## Exercise requirements:
Pictures are to be skipped. Retype exactly the lines from the top of the material through the one with "The Paradise china", and only those.

## Provided data:

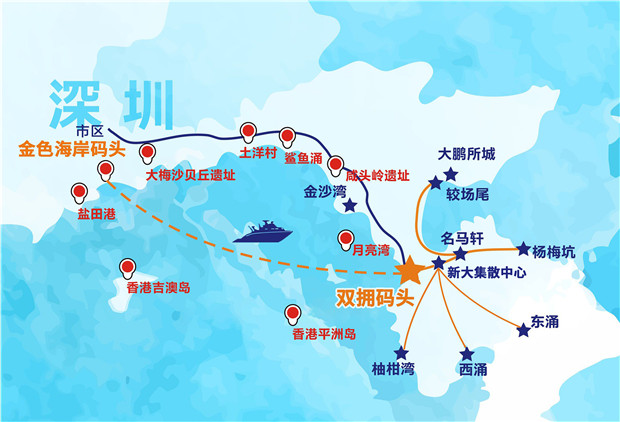 “鹽田金色海岸碼頭-南澳雙擁碼頭”航線示意圖(圖片由深圳航運集團提供)
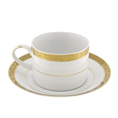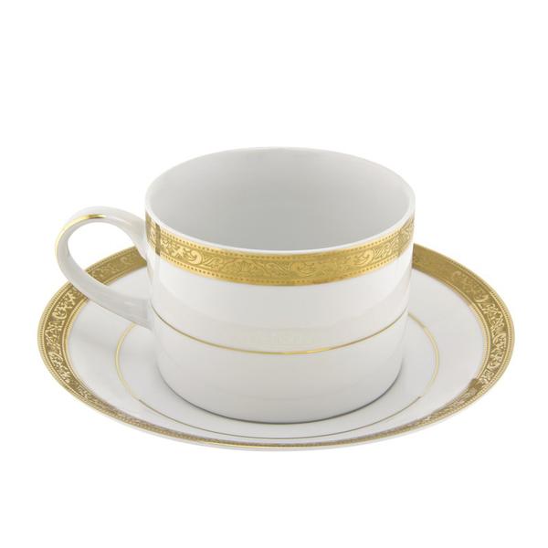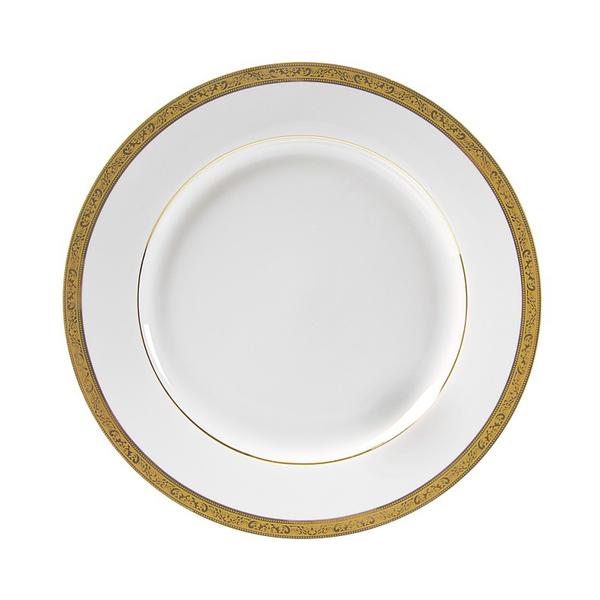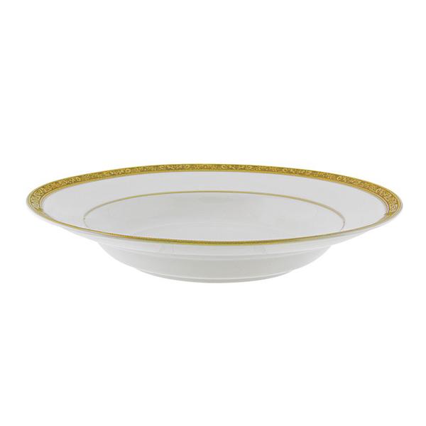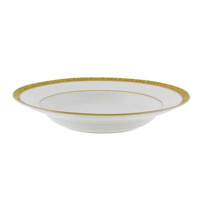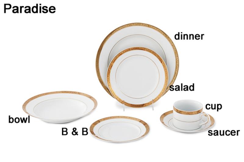 The Paradise china pattern is a white china pattern with a gold band that makes a solid choice of rental table china place setting for your wedding reception or banquet.
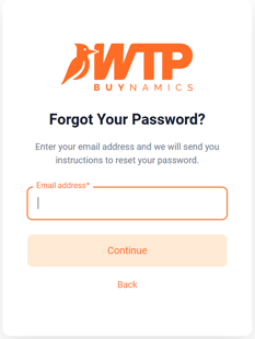If you have forgotten your password, you can click the 'Forgot your password' button to reset your password. Enter your username in the field and then click 'Continue'. An e-mail will be sent to the e-mail address used to register the WTP account. This e-mail contains the reset instructions.
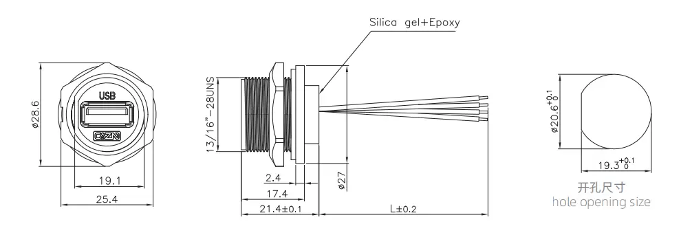 | Гнездо USB с задним креплением, с проводом (резьбовое) | USB3.0 | E13T-FU3-PWF-0.2PV |

## Response to the exercise:
 “鹽田金色海岸碼頭-南澳雙擁碼頭”航線示意圖(圖片由深圳航運集團提供)
 The Paradise china pattern is a white china pattern with a gold band that makes a solid choice of rental table china place setting for your wedding reception or banquet.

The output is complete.